Lines containing the word "oder" are the ones to copy from the records below.

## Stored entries
Start of Block
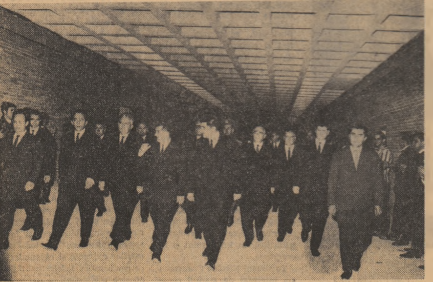
Conducătorii de partid și de stat vizitînd Institutul politehnic din Capitală
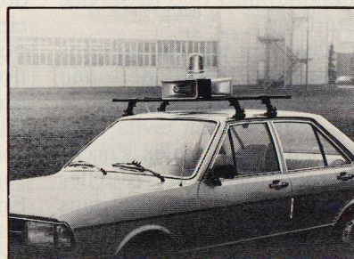
Alarmeinheit für den mobilen Einsatz Mit 2 oder 4 Lautsprechern, mit oder ohne Blaulicht, für 4 verschiedene Alarmsignale und Sprachdurchsage, für Kernkraftwerke, Zivilschutz, Feuerwehr, Polizei und Armee.

Ericsson Alarmsysteme: 20 Jahre Erfahrung für die Sicherheit
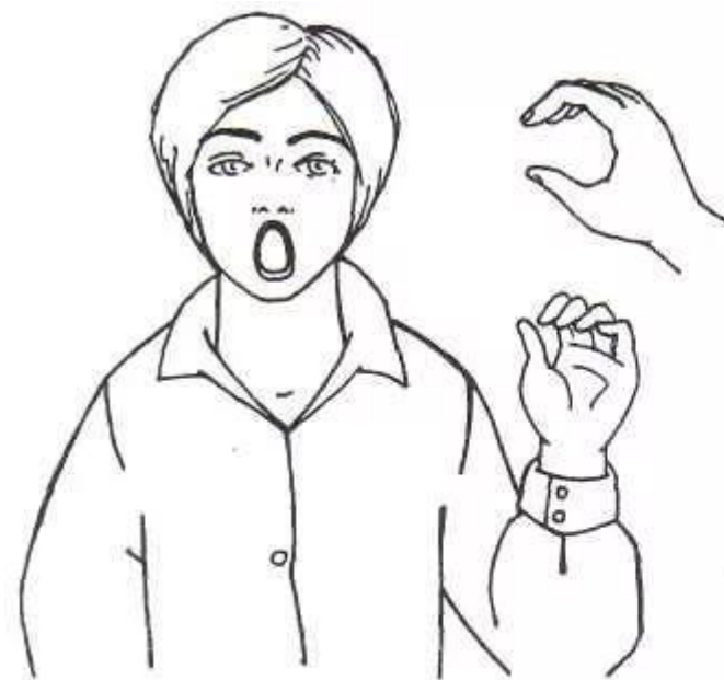
Рис. 3. Ручная поза звука [o] «Хоботок»

На звук О мы широко открываем рот, губы как бы округляются. Совместно с движением рта закругляем пальцы рук. Ладони направлены от себя.
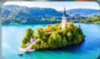
โบสถ์พระแม่มาเรียแห่งบลาด
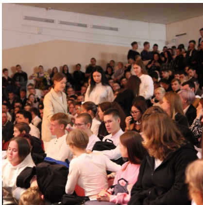
Большой актовый зал и много студентов

А еще студенты 11 К отметили, что в колледже хорошие кабинеты, но правда в них еще холодно, надеемся это временно.
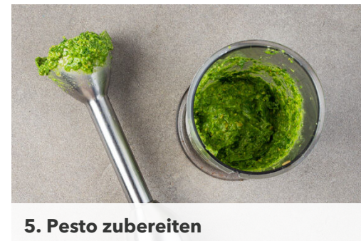
5. Pesto zubereiten

Die Sonnenblumenkerne in einer großen Pfanne ohne Zugabe von Fett bei mittlerer Hitze 1-2Min. goldbraun anrösten. Vorsicht , sie können schnell zu dunkel werden. Zum Abkühlen aus der Pfanne nehmen und beiseitestellen. Das Fleisch in der Pfanne mit 2EL Olivenöl bei mittlerer bis starker Hitze 3-4Min. goldbraun anbraten.
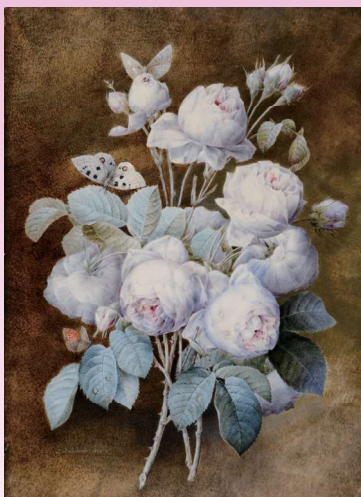
『肉筆画』 《バラのブーケ》
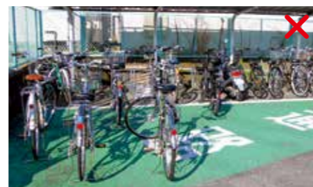
1台の自転車から始まり、次から次へと駐輪マスをはみ出して通路上に駐輪されている

禁止区域だけでなく、公共の場所などに放置されている自転車は撤去します。撤去した自転車の返還を受ける際には、 移送保管料(自転車1,500円、原付自転車2,500円)が必要となります。
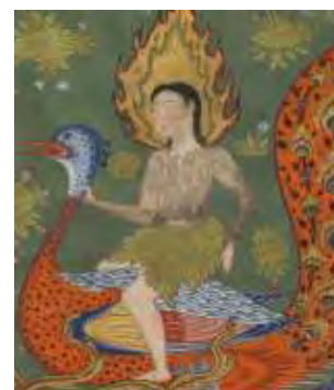
تصویر ۴- بخشی از نگاره آدم و حوا در حال خروج از بهشت.

یکی دیگر از جانورانی که همکار شیطان شناخته شده، طاووس است. معنای سمبلیک طاووس به معنی تزیینات، تجمل، تکبر، فناپذیری، غرور دنیوی و... است و در باورهای قومی و اساطیری نابودکننده مار است (دادور و منصور، ۱۳۸۵، ۱۱۴). در برخی از آیین‌های کهن یک جفت طاووس در دو سوی درخت مقدس قرار دارد که گاهی ماری را در منقار گرفته است. از معنای سمبلیک آن این‌طور می‌توان تعبیر نمود که این پرنده هم‌معنای منفی و هم‌معنای مثبت دارد. در ادیان سامی همان‌طور که در داستان آدم و حوا در تورات و انجیل بیان شد، طاووس یکی از موجوداتی است که به شیطان برای پیشبرد هدفش کمک می‌کند. در فرقه یزیدیه نیز طاووس نماد شیطان است (یاحقی، ۱۳۸۶، ۵۵۴). این موضوع که طاووس در این فرقه نماد شیطان است به داستان اهریمن در آیین مهرپرستی می‌رسد. در این آیین اهریمن برای اثبات اینکه می‌تواند چیزهای نیک بیافریند، طاووس را به‌عنوان یکی از زیباترین پرندگان می‌آفریند. بر همین اساس طاووس نماد اهریمن و شیطان است و در فرقه یزیدیه نیز از این پرنده برای نشان دادن شیطان استفاده می‌کنند (اکبری مفاخر، ۱۳۸۵، ۹۷). در نگاره‌ها نیز بر اساس آنچه در تفاسیر اولیه قرآن کریم آمده مانند تفسیر طبری که تحت تأثیر روایات یهودی بوده، نگارگر این حیوان را به‌عنوان همکار شیطان تصویر نموده است. در برخی از تعبیر عرفانی از داستان آدم و حوا طاووس را نماد شهوت و حوا را جسم می‌دانند (یاحقی، ۱۳۸۶، ۵۵۵). بر مبنای این تفسیر می‌توان این‌گونه استنباط نمود که (تصویر ۴) که حوا را سوار بر طاووس نشان داده نشانگر رابطه شهوت و جسم است. عطار در منطق‌الطیر، طاووس را مظهر بهشت پرستان می‌داند
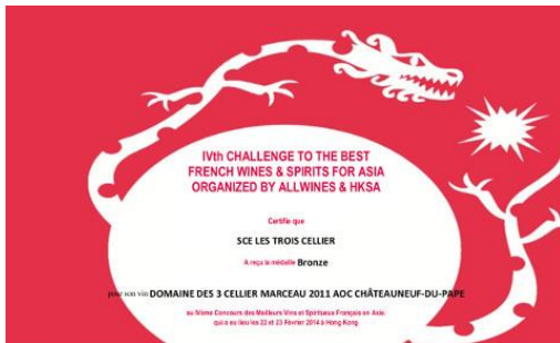
allwines 香港專業品酒師協會 Bronze All Wines Asia 2014 Marceau 2011
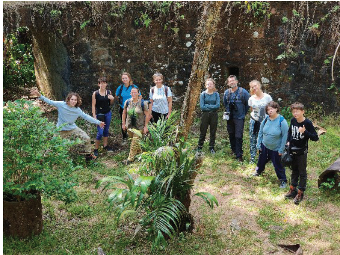
Une découverte de Madagascar pour plusieurs jeunes du collège Claudel.

L'occasion de dresser aussi un bilan personnel, d'étudier les chemins à emprunter... Sur un itinéraire très peu souvent linéaire.
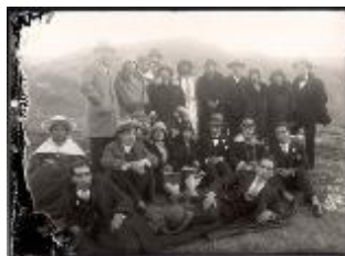
Foto. Obreros después de una fiesta.
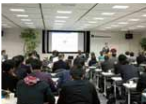
過去の勉強会の様子

好評をいただきました全4回シリーズの相続対策勉強会をギュッと凝縮した総集編です。この機会にぜひご参加ください。
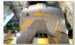
Big wall climbing
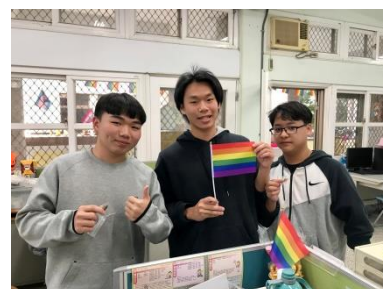
完成挑戰，領取紀念品
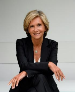
Valérie Pécresse Présidente de la région Ile-de-France

Soutenons tous les sports en Ile-de-France !
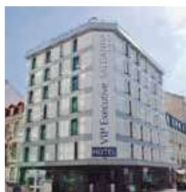
LISBOA Vip Saldanha

Av. António José de Almeida 28 Tlf: +351 21 004 4000
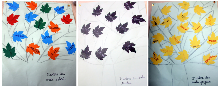
Réalisation d'arbres à mots par des GS (décembre)
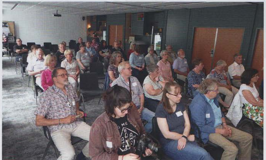
Zuhörer bei der diesjährigen Generalversammlung.

Sommerzeit ist Festivalzeit. Und so ziehen die großen Veranstaltungen, nach langer, zwangsläufiger Coronapause, wieder die Massen an. Aber es geht auch kleiner, gemütlicher und mindestens genauso schön. Dafür nehme man, je nach Anfahrtsweg, entweder ein Fahrrad, die U-Bahn, das Auto, des Schusters Rappen oder eben den Zug. Das Ziel: das Hotel Mercure in Hannover und das alljährliche Sommerfest der HCIG. Letzteres war es auch, was mich nach langer Zeit wieder einmal dorthin brachte.
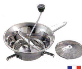
⑩ ムーラン 18-10 LT 商品コード N3002 20cm 205 104 83 3941900 N3004 24cm 240 127 100 3942000 ※1.5mm、2.5mmの替刃2枚付 ※丈夫なステンレスタイプ
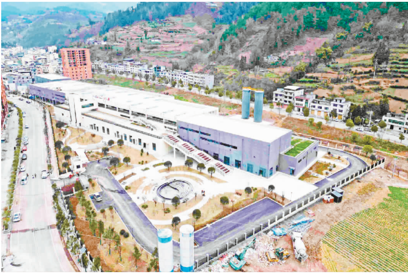
即将投用的巫山脆李特色产业园。

本报讯 (记者 董存春 王忠虎文/图) 1月31日,记者在巫山脆李特色产业园项目建设现场看到,产业园雏形已现,几十名工人正在安装生产车间设备、打造室外景观绿化等。
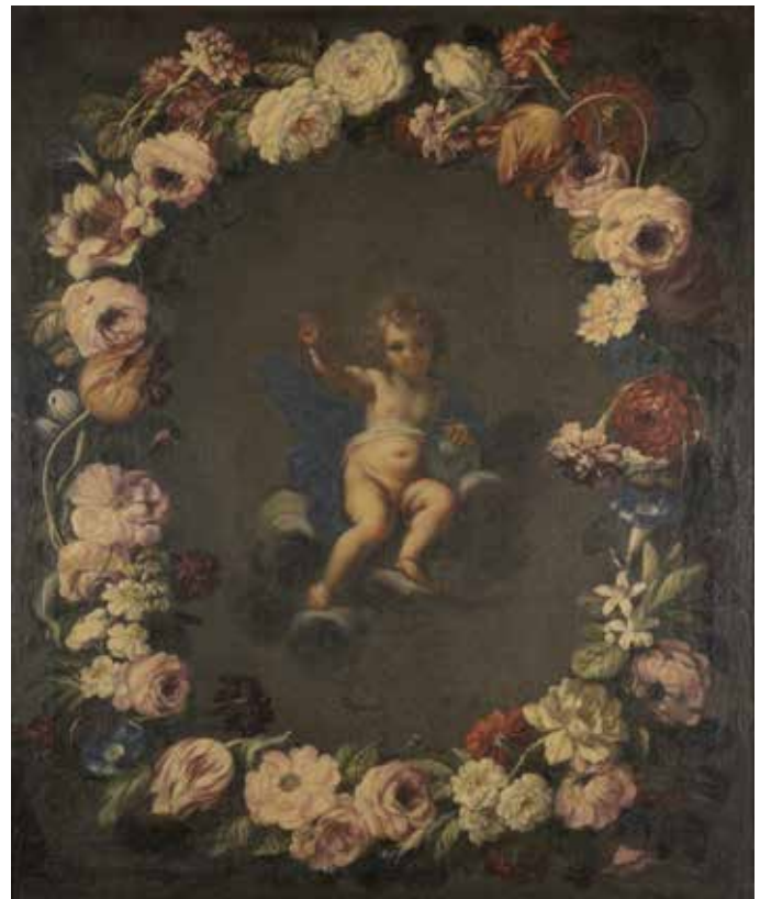
128 MARIO NUZZI DETTO MARIO DEI FIORI, CERCHIA DI XVII Sec. "Bambino Gesù in ghirlanda di fiori", olio su tela, entro cornice 74x62cm.
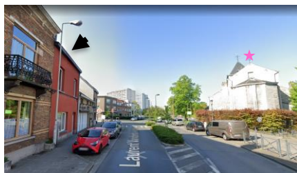
Localisation du bien par rapport à l'église classée et indication de la zone d'intervention, jointe à la demande
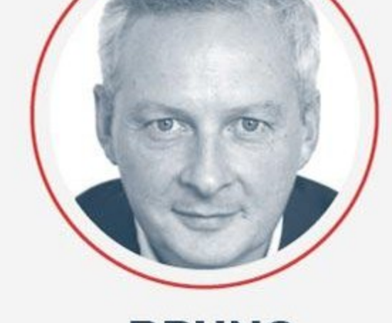
BRUNO LE MAIRE

Économie, finances et souveraineté industrielle et numérique
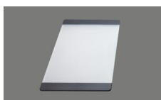
> Weblink 40.000.915.00 / CHF 151.- Tagliere, in vetro, bianco
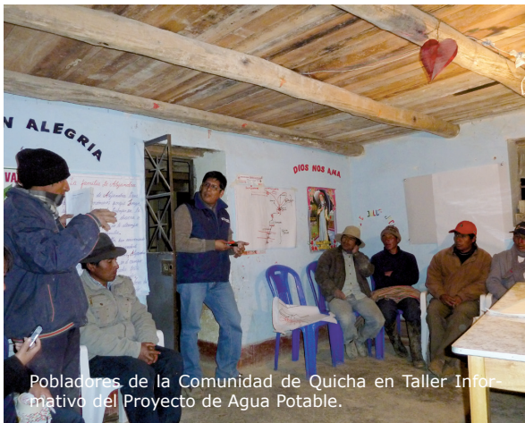
Pobladores de la Comunidad de Quicha en Taller Informativo del Proyecto de Agua Potable.

Mantaro Perú participó el 8 de febrero en una reunión en la Comunidad Campesina de Quicha Grande, donde representantes de la ONG Agua Limpia propusieron el desarrollo de un proyecto de agua potable para la comunidad, que incluiría la instalación de nueva infraestructura para la captación de agua, la cual sería conectada a través 850 metros de tubería con la red existente de agua potable.
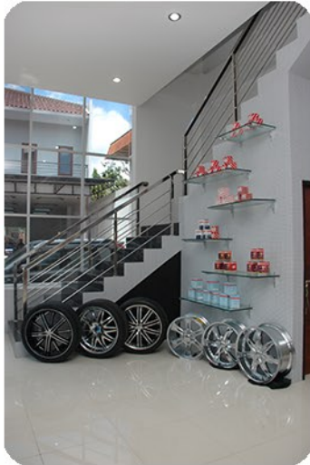
Ruang display produk PPS Samarinda
End of Block
## Reply
Alarmeinheit für den mobilen Einsatz Mit 2 oder 4 Lautsprechern, mit oder ohne Blaulicht, für 4 verschiedene Alarmsignale und Sprachdurchsage, für Kernkraftwerke, Zivilschutz, Feuerwehr, Polizei und Armee.
Sommerzeit ist Festivalzeit. Und so ziehen die großen Veranstaltungen, nach langer, zwangsläufiger Coronapause, wieder die Massen an. Aber es geht auch kleiner, gemütlicher und mindestens genauso schön. Dafür nehme man, je nach Anfahrtsweg, entweder ein Fahrrad, die U-Bahn, das Auto, des Schusters Rappen oder eben den Zug. Das Ziel: das Hotel Mercure in Hannover und das alljährliche Sommerfest der HCIG. Letzteres war es auch, was mich nach langer Zeit wieder einmal dorthin brachte.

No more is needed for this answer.